= Task =
Pictures left aside, return the lines below exactly, from the one with "WATERMARK 206-2.2S-S1-SN PARIS" to the end, including both ends.

------ Data extracts

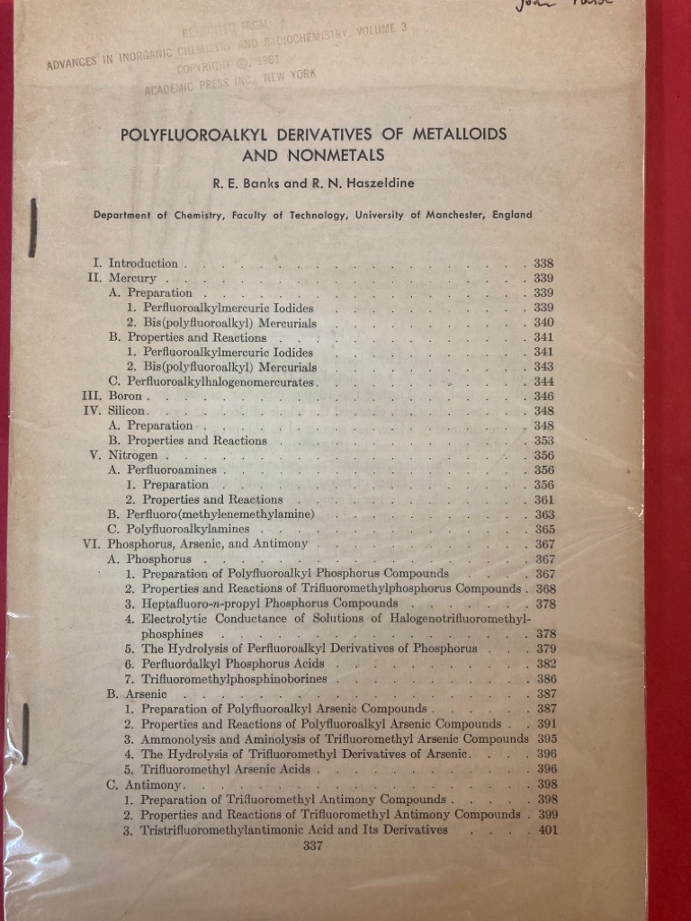 Description: approx 100p offprint, stapled, very good, topgether with a related offprint by W R Cullen entitled: Fluoroalclic Derivatives of Metals and Metalloids (50p)
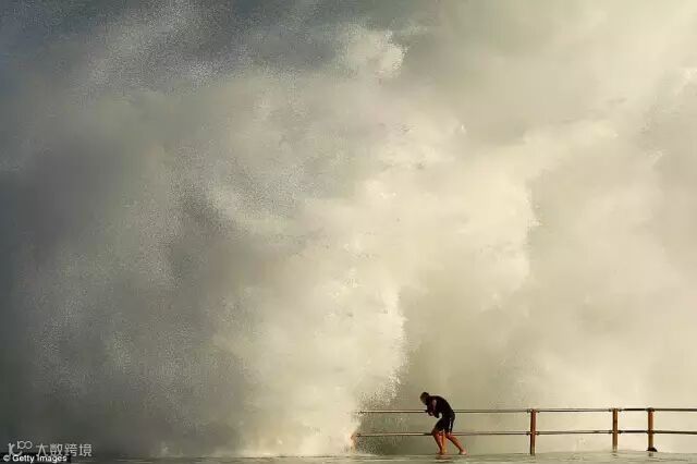 一个男人在悉尼海滨浴场紧紧抓住栏杆,面对2013年的旋风。
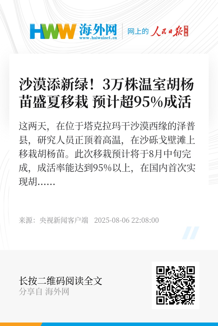 这两天,在位于塔克拉玛干沙漠西缘的泽普县,研究人员正顶着高温,在沙砾戈壁滩上移栽胡杨苗。此次移栽预计将于8月中旬完成,成活率能达到95%以上,在国内首次实现胡杨全生长季的育苗移栽。此次移栽的3万株胡杨苗全部在温室大棚中培育完成,育苗周期仅为4个月。
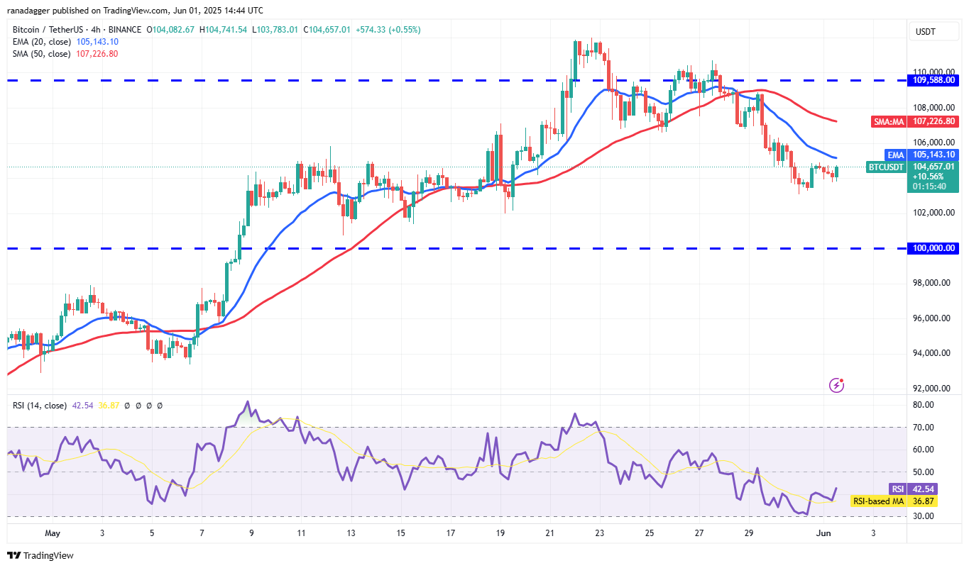 The bulls are trying to push the price back above the 20-day EMA but are likely to face selling at higher levels. If the price turns down from the 20-day EMA, the BTC/USDT pair could drop to $100,000. The bulls are expected to defend the $100,000 level with all their might because a drop below it may start a downtrend toward $93,000.
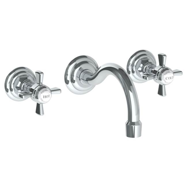 WATERMARK 206-2.2S-S1-SN PARIS THREE HOLES WALL MOUNT BATHROOM FAUCET WITH 6 1/8 INCH SPOUT REACH, SATIN NICKEL,...
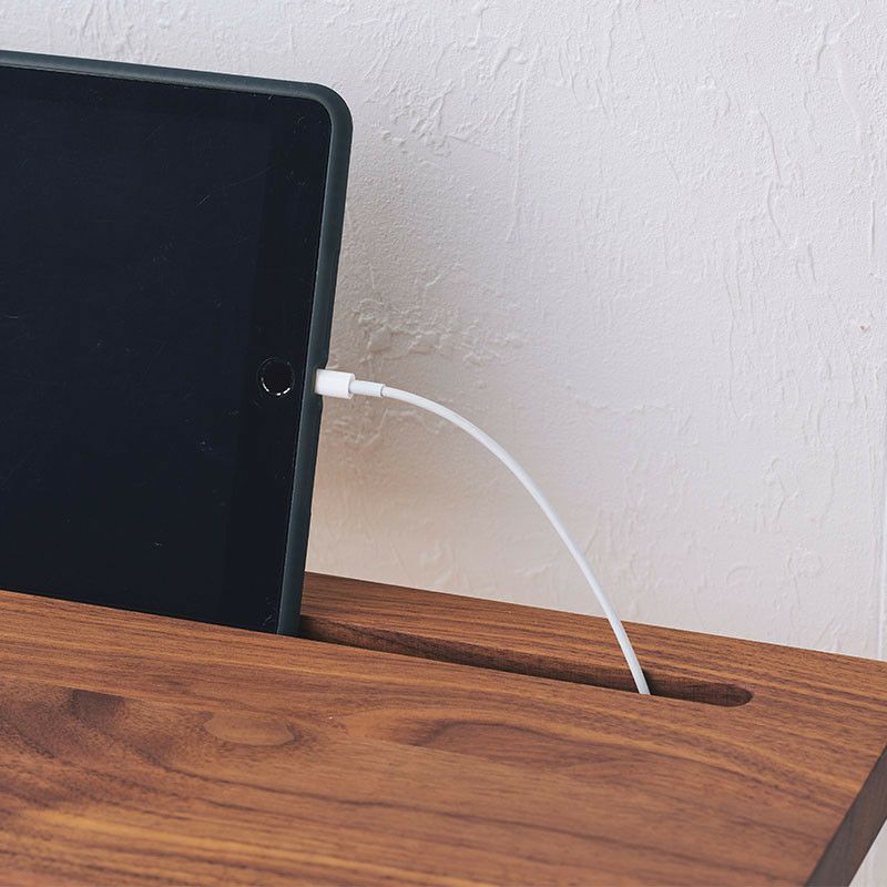 溝には配線穴もある細やかな作り!コンパクトだからこそスッキリ使えるように工夫されています。
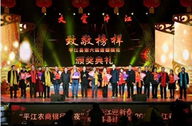 2月11日晚,在平江农商银行之夜——“大爱平江迎新春、欢欢喜喜过大年”2018平江县春节联欢晚会现场,我县表彰了平江县第六届道德模范和2017年“大爱平江”金牌爱心企业。县领导汪涛、黄伟雄、肖湘晖、黎耀辉、洪志凡、向风行、彭喜丰、胡伟、舒葵阳、欧阳晓耀、陈淼、周虎光、张满兰、熊江新、方辉为道德模范和爱心企业进行颁奖。
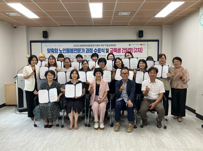 [뉴스노크=김인호 기자] 남원시(시장 최경식) 여성새로일하기센터는 7월 16일 올해 마지막 2025년 직업교육훈련 ‘맞춤형 노인돌봄전문가’ 과정 수료식을 가졌다.
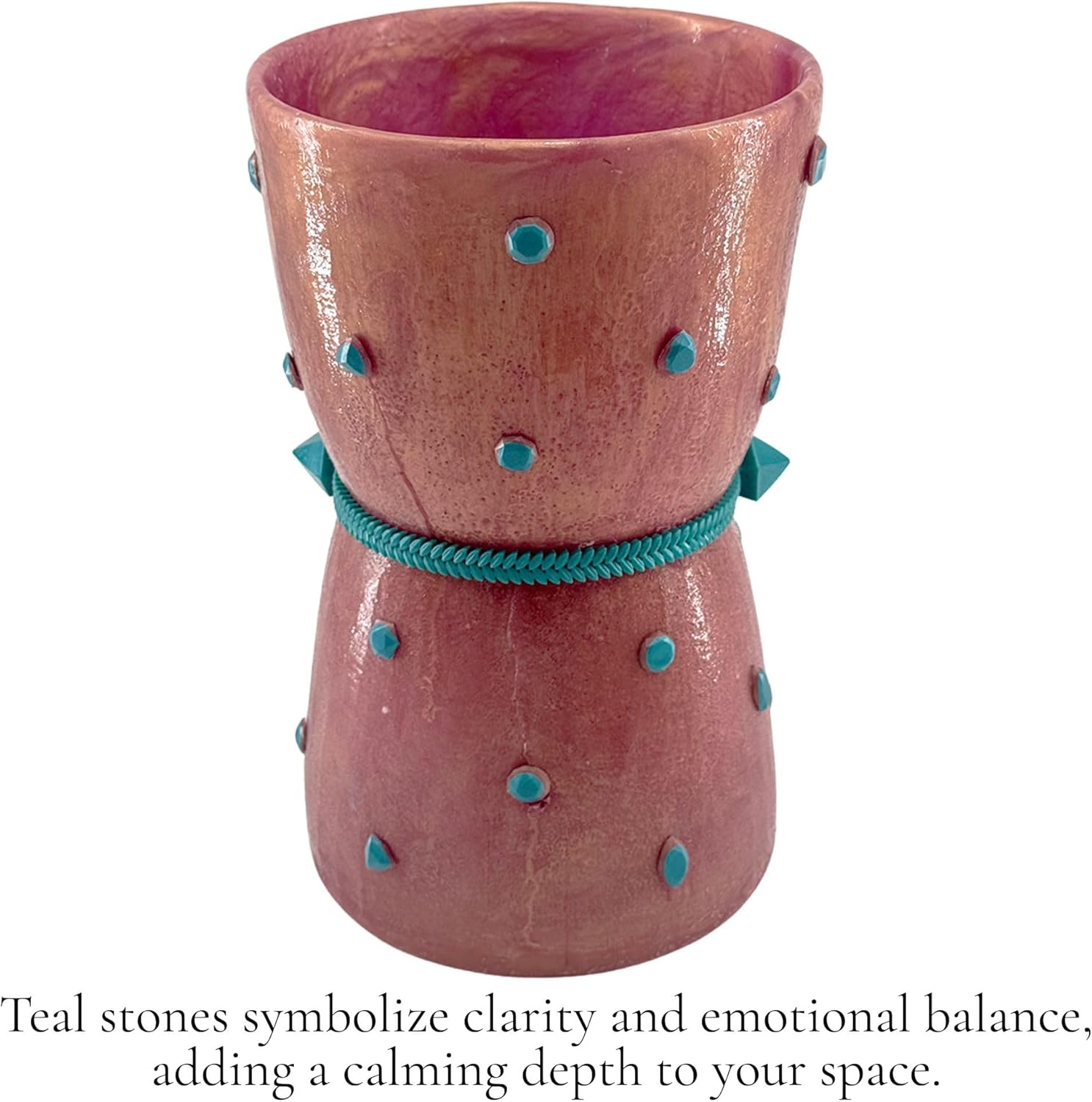 | Color | Rose Gold Hour Glass Shape Vase With Teal Stone Accents |
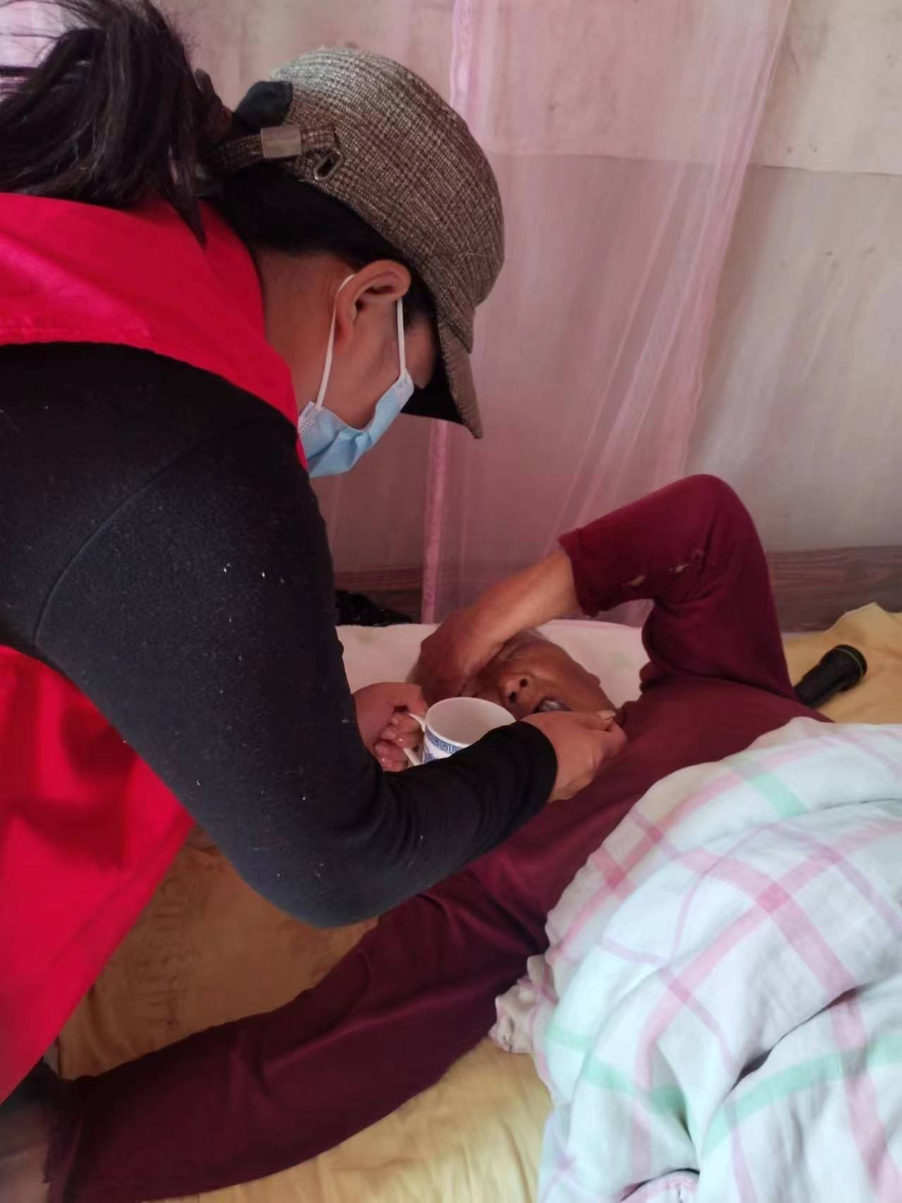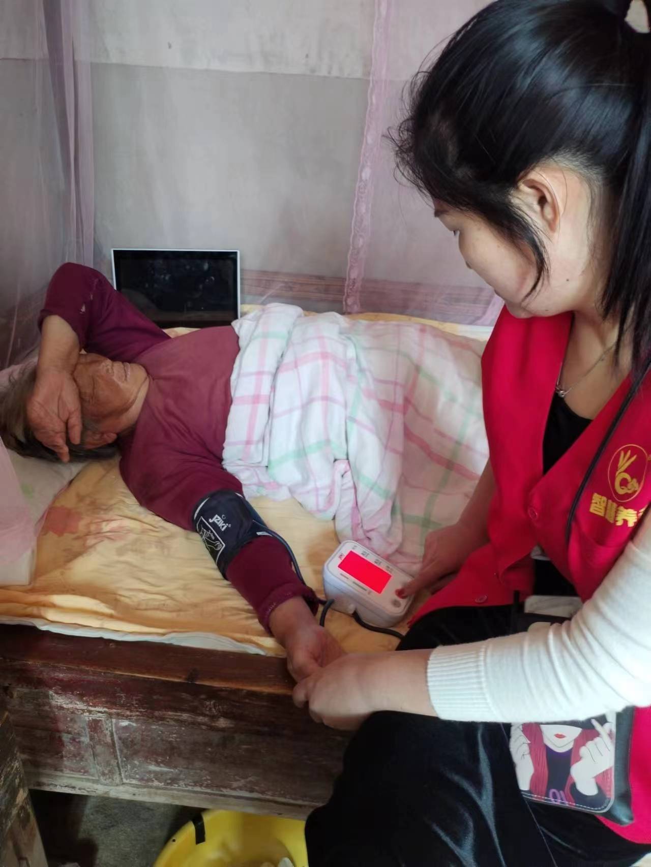 互助养老员给老人进行了血压测量,此时老人高压已经达到204。村医到达后给老人喂服了降压药,经过半小时的休息老人的高压降到了159,老人身体感觉明显好转。老人拉着互助养老员的手不肯松开,助老员告诉老人:胡婆婆您放心休息,您家属回来之前,我会一直陪着您。
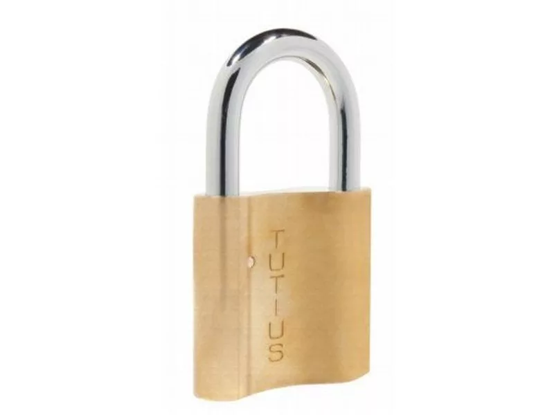 Elzett 2048 Tutius lakat. Sárgaréz kivitel. Méretek: 35, 45 és 55 mm. Mérettől függően 2 vagy 3 db kulccsal. Csapos rendszerű, 5 zárócsappal, 45-ös méretben hosszított kengyel

------------

= Answer below =
 WATERMARK 206-2.2S-S1-SN PARIS THREE HOLES WALL MOUNT BATHROOM FAUCET WITH 6 1/8 INCH SPOUT REACH, SATIN NICKEL,...
 溝には配線穴もある細やかな作り!コンパクトだからこそスッキリ使えるように工夫されています。
 2月11日晚,在平江农商银行之夜——“大爱平江迎新春、欢欢喜喜过大年”2018平江县春节联欢晚会现场,我县表彰了平江县第六届道德模范和2017年“大爱平江”金牌爱心企业。县领导汪涛、黄伟雄、肖湘晖、黎耀辉、洪志凡、向风行、彭喜丰、胡伟、舒葵阳、欧阳晓耀、陈淼、周虎光、张满兰、熊江新、方辉为道德模范和爱心企业进行颁奖。
 [뉴스노크=김인호 기자] 남원시(시장 최경식) 여성새로일하기센터는 7월 16일 올해 마지막 2025년 직업교육훈련 ‘맞춤형 노인돌봄전문가’ 과정 수료식을 가졌다.
 | Color | Rose Gold Hour Glass Shape Vase With Teal Stone Accents |
 互助养老员给老人进行了血压测量,此时老人高压已经达到204。村医到达后给老人喂服了降压药,经过半小时的休息老人的高压降到了159,老人身体感觉明显好转。老人拉着互助养老员的手不肯松开,助老员告诉老人:胡婆婆您放心休息,您家属回来之前,我会一直陪着您。
 Elzett 2048 Tutius lakat. Sárgaréz kivitel. Méretek: 35, 45 és 55 mm. Mérettől függően 2 vagy 3 db kulccsal. Csapos rendszerű, 5 zárócsappal, 45-ös méretben hosszított kengyel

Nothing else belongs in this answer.